Sex hormone-binding globulin, which is produced by liver, transports sex hormones in the blood and regulates their uptake by sensitive tissues. Hepatocyte nuclear factor-4α, also produced by the liver, stimulates sex hormone-binding globulin production and increases serum testosterone by decreasing its half-life. De novo lipogenesis, the process by which the liver converts excess sugar into fatty acids, suppresses hepatocyte nuclear factor-4α activation and sex hormone-binding globulin production.

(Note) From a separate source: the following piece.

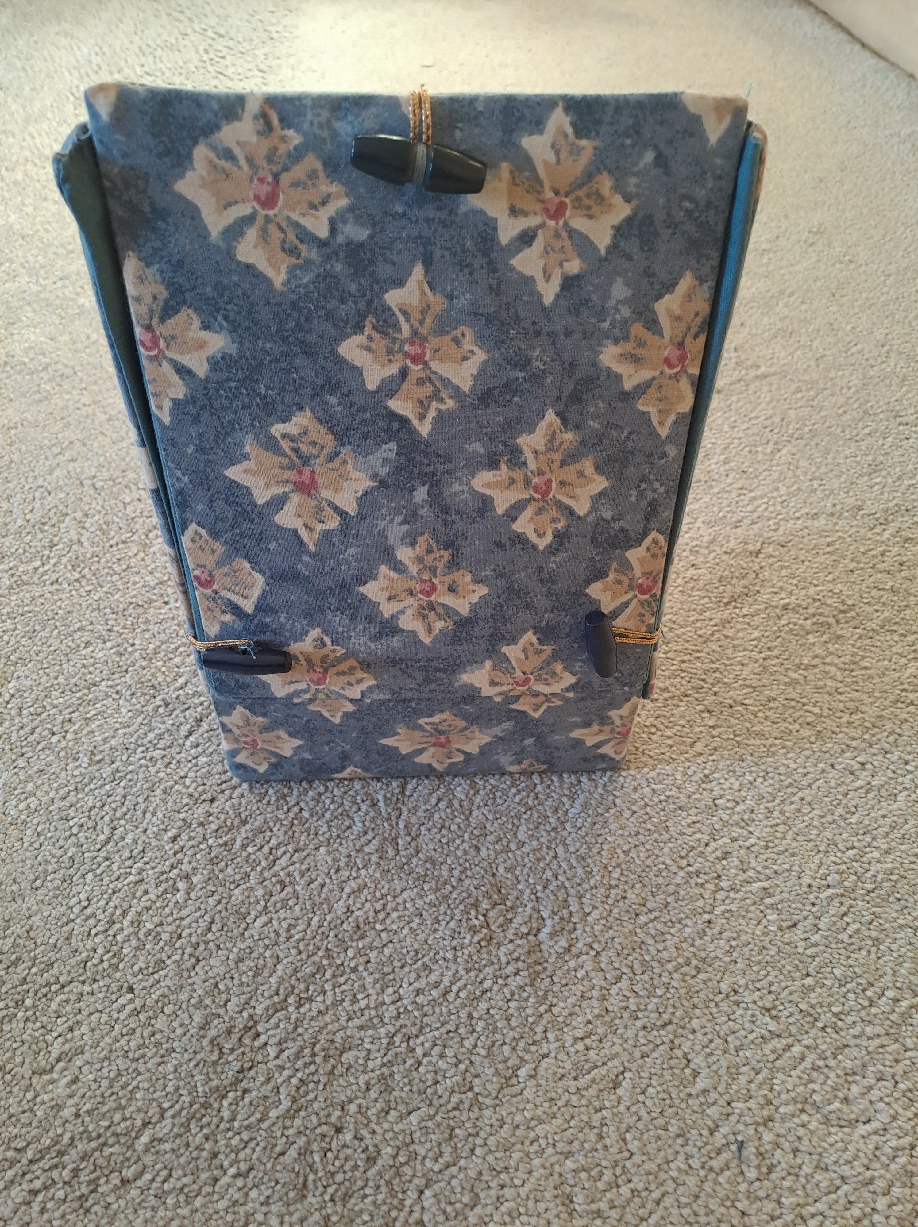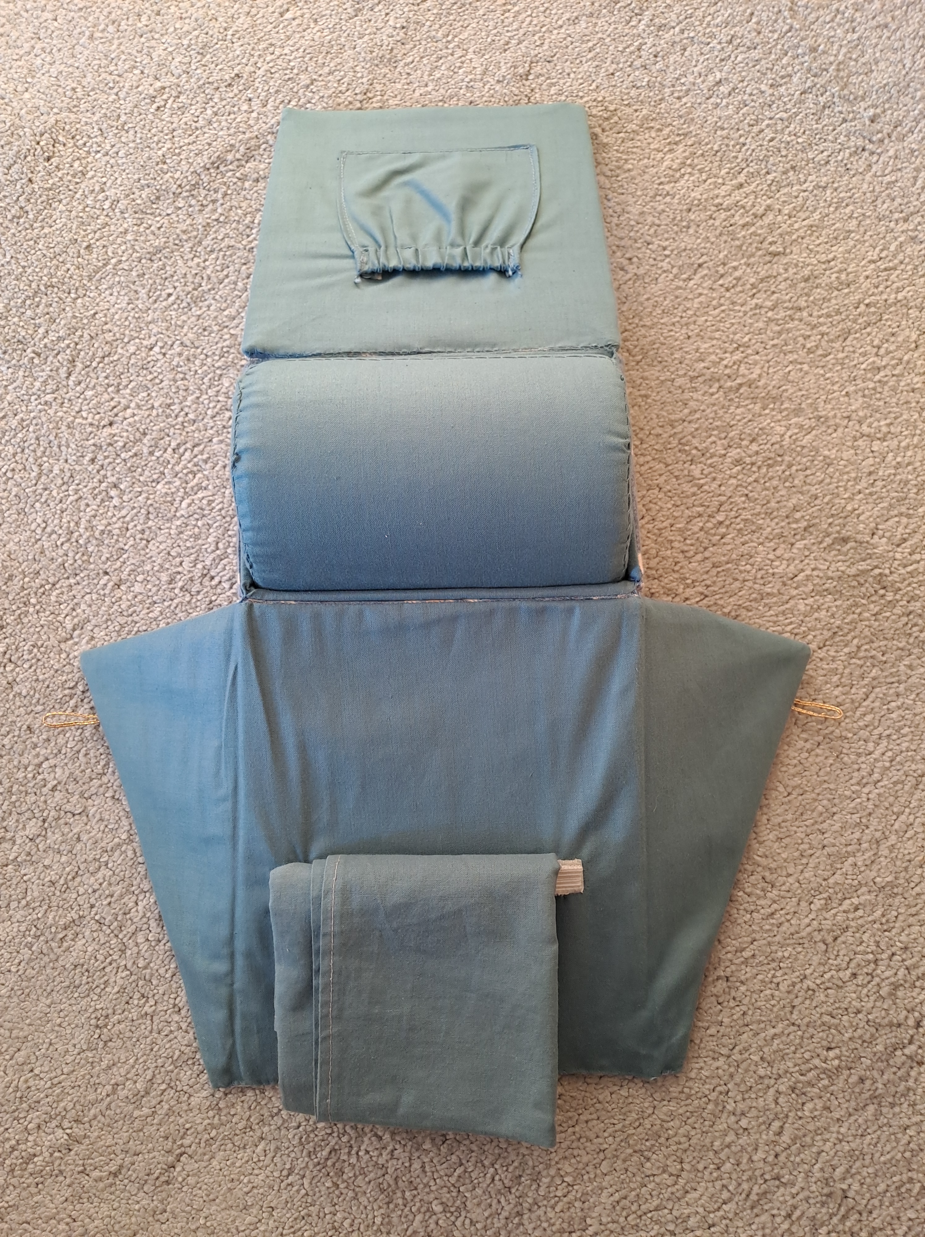 This is a homemade one I picked up at a recent meeting. The maker has used fabric-covered cardboard to create a portable pillow with pockets:
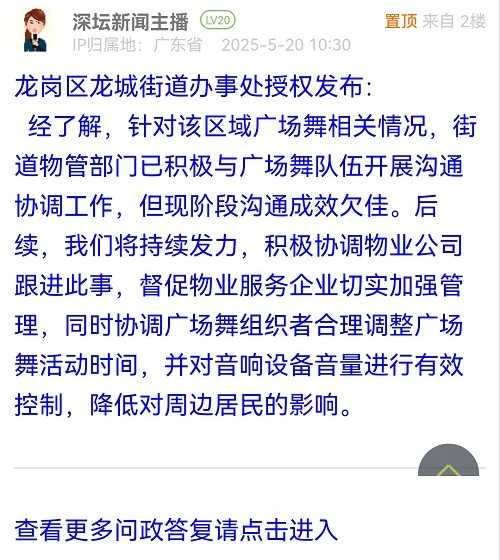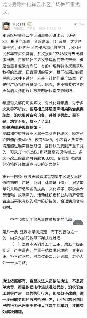 2. 帖文《龍崗愛聯(lián)中糧祥云小區(qū)廣場舞嚴重擾民。》

In the first experiment, the researchers used transgenic mice whose genomes had been altered to express the human sex hormone-binding globulin gene. They fed these mice a diet high in either sucrose, glucose, or fructose (three types of simple sugars) for one week and measured blood levels of sex hormone-binding globulin. In a second experiment, the researchers exposed human liver cells to varying amounts of insulin and to high concentrations of either glucose or fructose and measured gene expression. Finally, they exposed the same type of liver cells to varying concentrations of glucose and fructose and to the fatty acid palmitate and measured gene expression.
After five days a high fructose diet reduced sex hormone-binding globulin levels in the mice by fructose 80 percent. Sex hormone-binding globulin levels decreased by 40 percent on a high glucose diet and 50 percent on a high sucrose diet. Insulin exposure did not affect sex hormone-binding globulin production in mice. In liver cells, glucose and fructose exposure over five days reduced sex hormone-binding globulin accumulation by 50 percent. This change corresponded to a three- to fourfold reduction in the expression of hepatocyte nuclear factor-4α. Additionally, glucose or fructose exposure over five days resulted in a two- to threefold increase in palmitate production (due to de novo lipogenesis), which corresponded to reductions in sex hormone-binding globulin. Finally, exposure to varying amounts of palmitate over five days reduced hepatocyte nuclear factor-4α expression and sex hormone-binding globulin production.
The authors of this comprehensive study concluded that excess sugar intake resulted in increased de novo lipogenesis, which led to a suppression of hepatic HNF-4α activity, which in turn attenuated sex hormone-binding globulin expression. This work provides a detailed explanation of why sex hormone-binding globulin is a sensitive biomarker of metabolic syndrome and why simple sugars, especially fructose, decrease fertility.